“Seré tu Sirviente por Siempre, Solo Alimenta a Mis Gemelos”, Suplicó el Ranchero a la Joven Viuda.

He oído hablar de tu sufrimiento. Hay una mujer en este pueblo clara que podría ayudarte. Ella vive en el rincón más apartado, en una pequeña casa casi oculta por la vegetación. Acaba de perder a su bebé, pero aún tiene la leche materna. Ella puede darle a tus hijos lo que necesitan. Las palabras de la anciana resonaron en su mente como un eco. Clara, una mujer que había perdido a su hijo, pero que aún podía salvar a los suyos.

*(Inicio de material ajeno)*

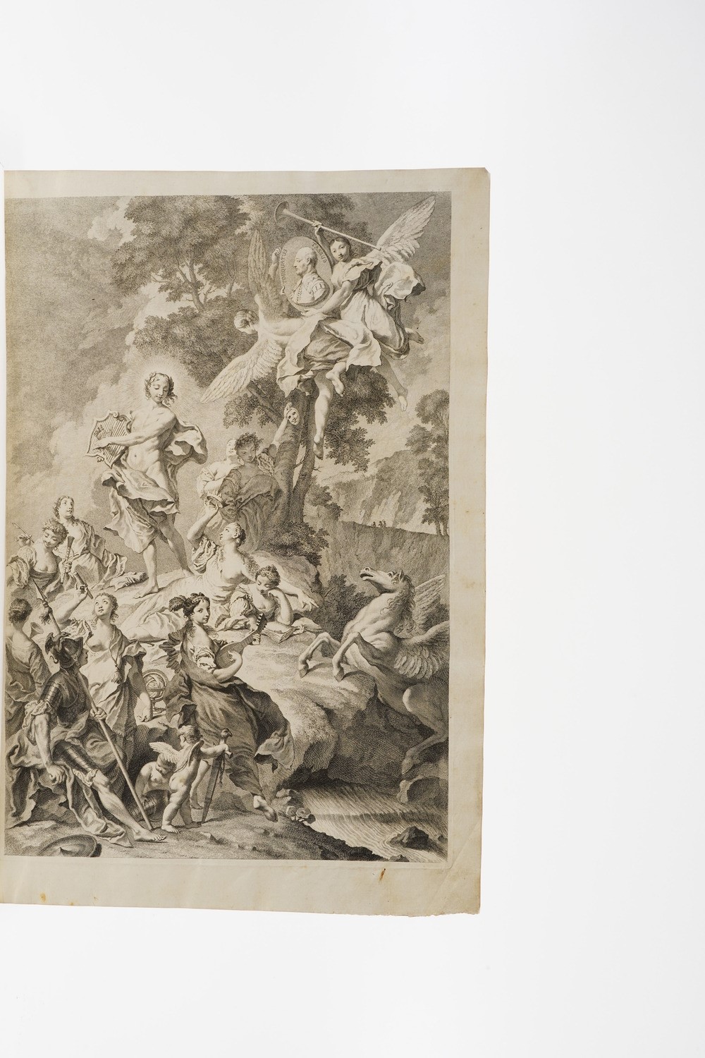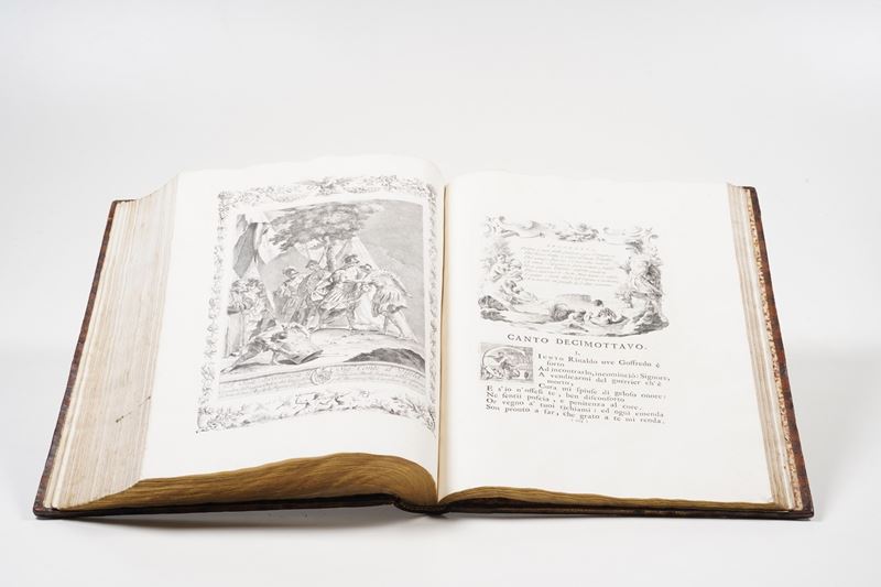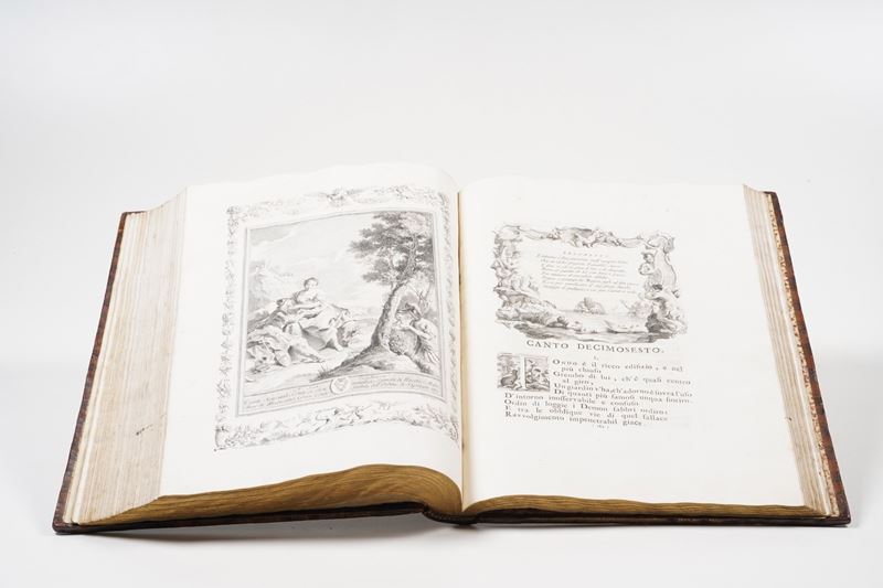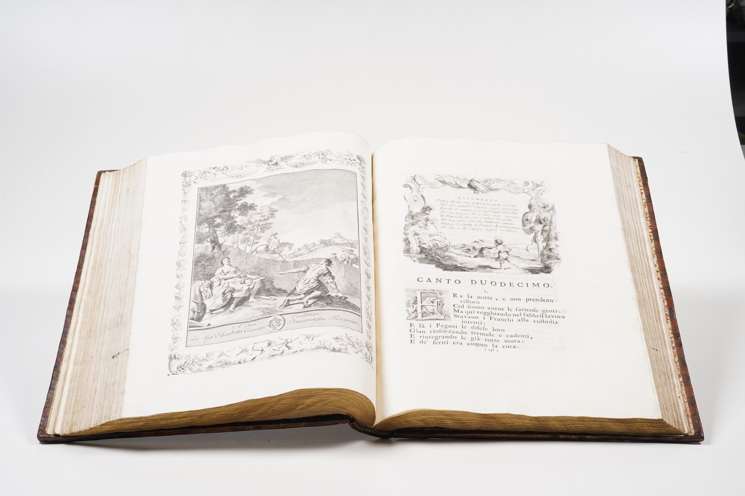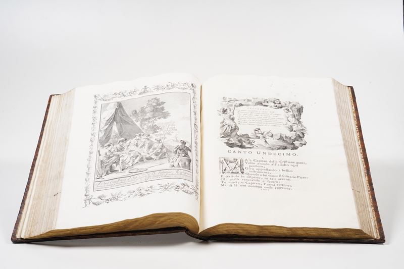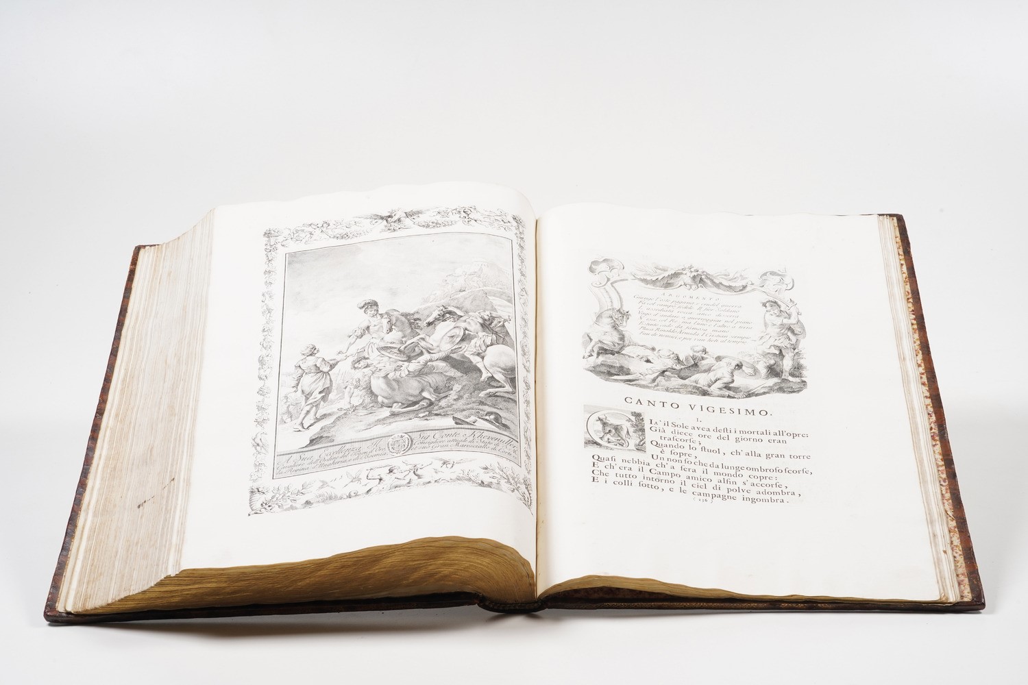 In-folio. Bellissima rilegatura coeva in piena pelle (piccoli restauri e abrasioni). Ricchi fregi in oro ai piatti e al dorso, che presenta anche un tassello con il titolo in oro. Tagli decorati in oro. Il tutto conservato entro cofanetto moderno. Magnifica edizione, considerata da molti un capolavoro tra i libri figurati veneziani del secolo XVIII. Oltre alla bella antiporta allegorica figurata, e al ritratto dell'imperatrice Maria Teresa d'Austria sono presenti 20 tavole, magistralmente incise in rame da Giovan Battista Piazzetta. Sono presenti, inoltre, sempre per opera del Piazzetta, numerose testatine e finalini e capilettera incisi in rame. Bellissimo esemplare fresco e marginoso. Si deve registrare tuttavia la presenza, per buona parte del volume di alcune macchie di umidità e piccole muffe, che secondo il nostro parere possono essere facilmente trattate a tampone da un restauratore professionale.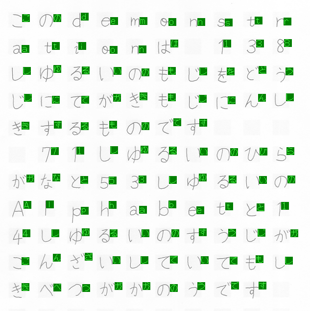 数字+ひらがな+アルファベットの手書き文字認識例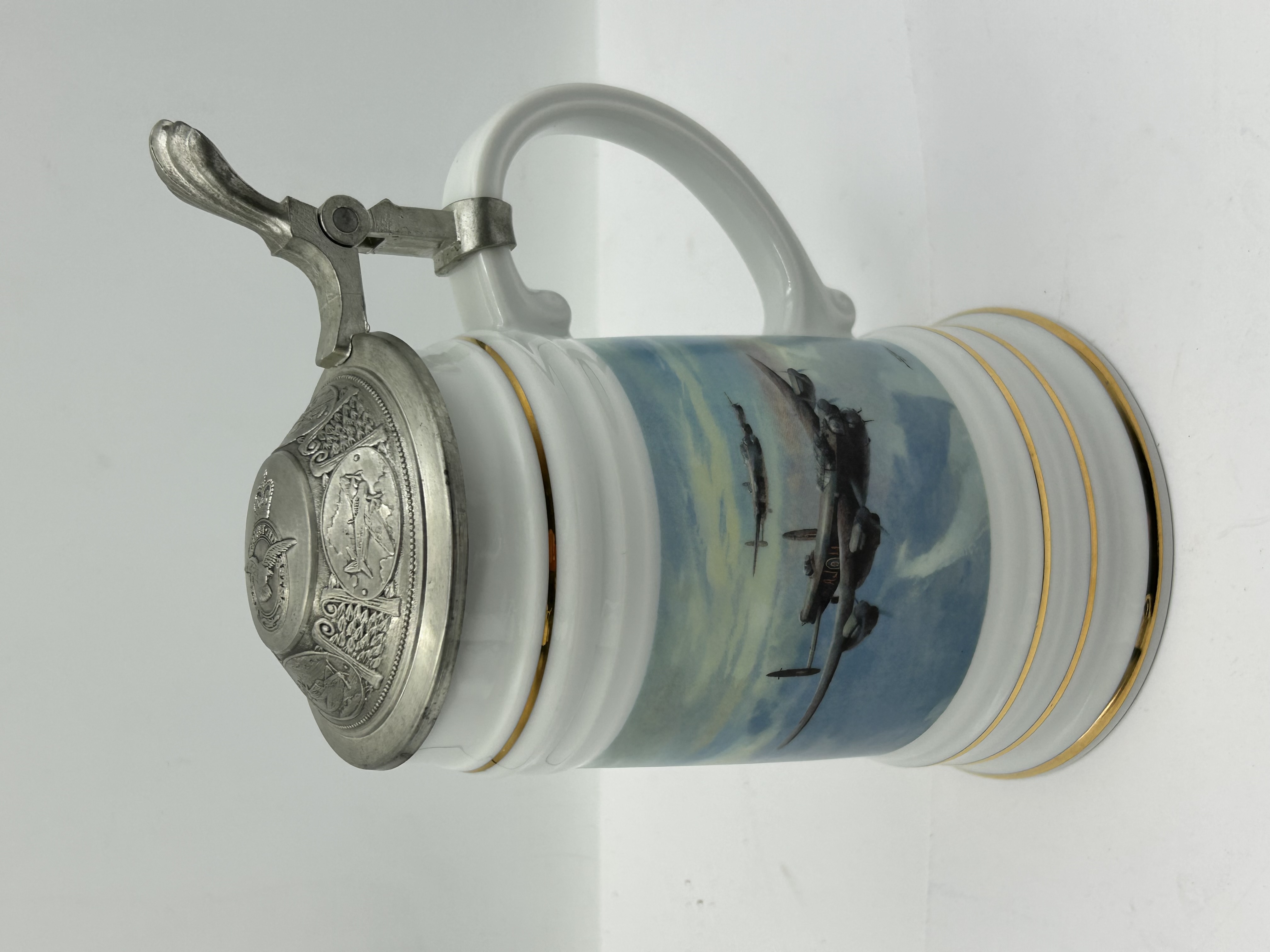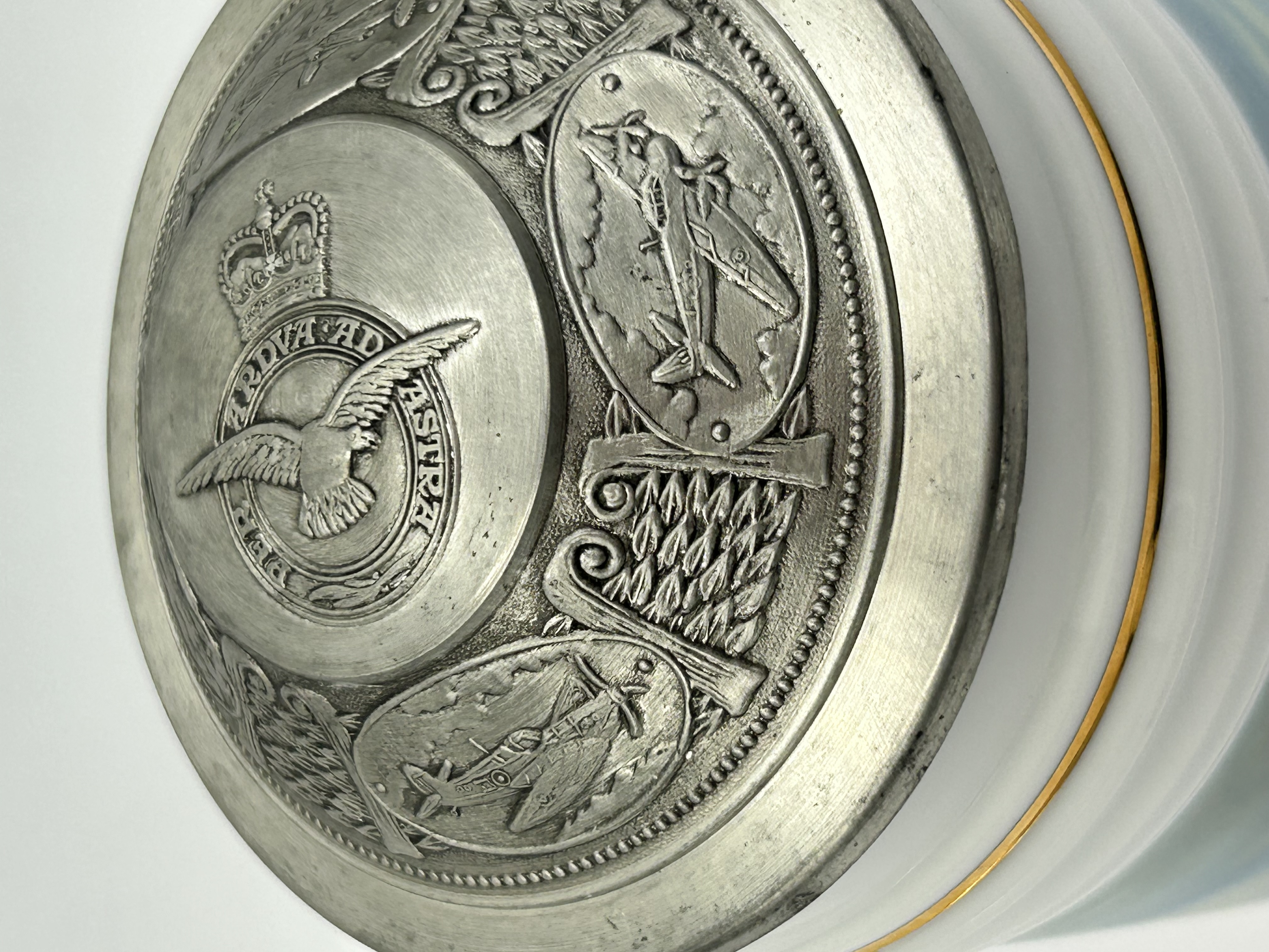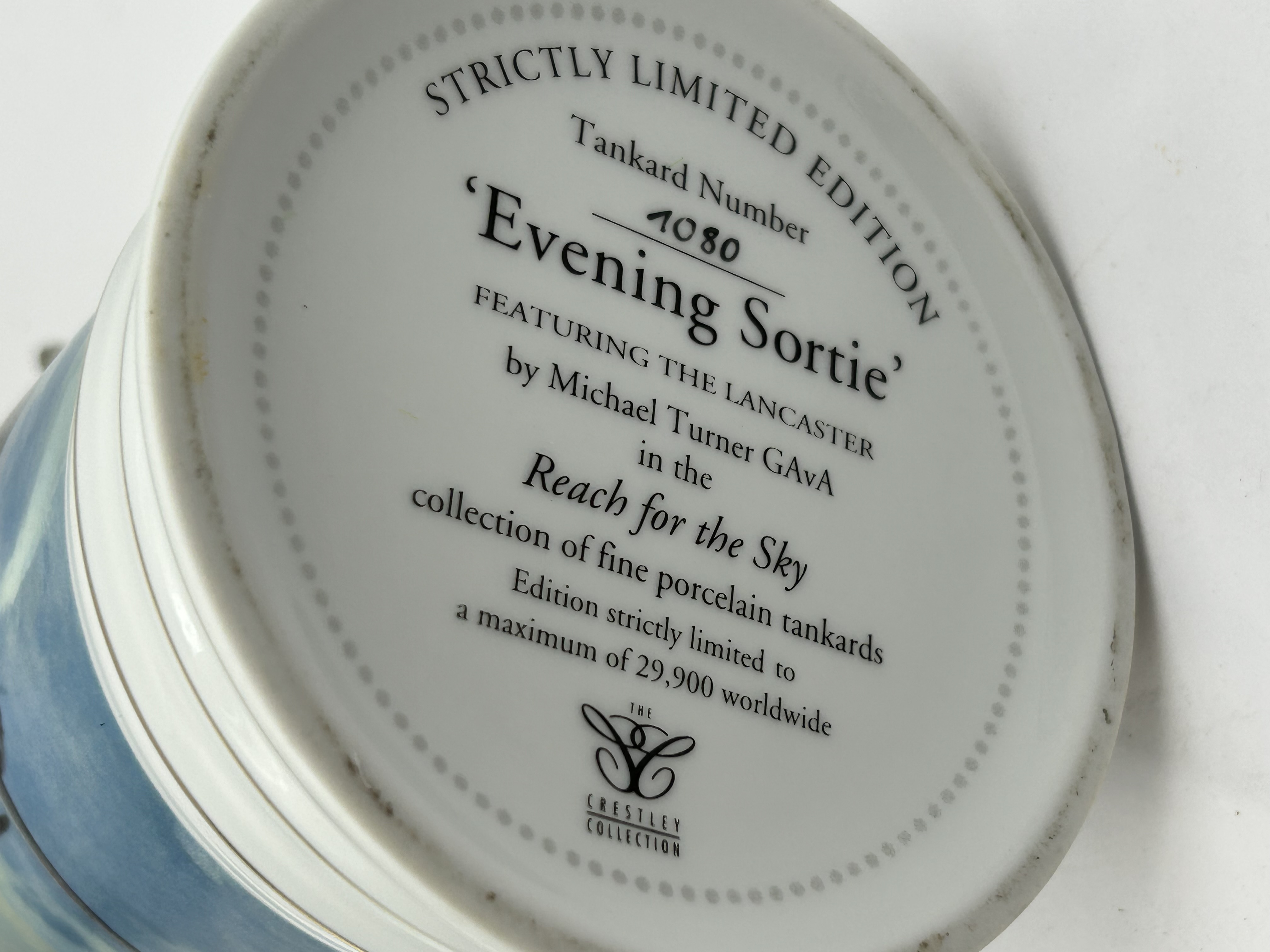 A limited edition porcelain tankard from The Crestley Collection, titled Evening Sortie. The piece features wrap-around aviation artwork by Michael Turner GAvA depicting Avro Lancaster bombers in flight. The white porcelain body is decorated with gold-tone banding at the rim and base. It is fitted with a hinged pewter lid embossed with the Royal Air Force crest, the motto PER ARDUA AD ASTRA, and two oval vignettes of World War II era aircraft. The underside of the base bears descriptive text identifying this as tankard number 1080 from the Reach for the Sky collection, with a stated edition limit of 29,900 worldwide.

Un destello de esperanza brilló en el fondo de su alma, como si la luz que había estado buscando todo ese tiempo finalmente hubiera aparecido en forma de una mujer cuyo dolor también era su esperanza. La anciana, al ver el cambio en el rostro de Santiago, le tomó la mano con fuerza y le dijo, “Ve, hijo, pero recuerda, el corazón de Clara está herido. No será fácil para ella, pero si sus ojos ven el sufrimiento de tus pequeños, tal vez su alma se ablande.” Solo ve con fe.

Santiago asintió el peso de la incertidumbre aún en su pecho, pero con una chispa de esperanza encendida en su interior. Con la anciana observando en silencio, Santiago emprendió el camino hacia el rincón del pueblo con sus gemelos en brazos, sin saber si encontraría lo que tanto necesitaba. El camino hacia la casa de Clara era largo y lleno de incertidumbre. Santiago avanzaba, guiado solo por la descripción vaga de la anciana. El aire frío de la noche se colaba entre las ramas de los árboles y el murmullo de los grillos se hacía más fuerte conforme se alejaba del pueblo.

Cada paso le pesaba más, no solo por la carga de sus hijos, sino también por el peso de la desesperación que aún no envolvía. ¿Qué haría si Clara no podía ayudarlo? ¿Qué quedaba de su esperanza si esa puerta también se cerraba ante él? Finalmente llegó una pequeña cabaña alejada de la vista se alzaba solitaria en medio de un campo oscuro. Las ventanas estaban cerradas y la puerta, algo deteriorada, parecía resistir el paso del tiempo como si supiera que dentro aún quedaba algo por salvar.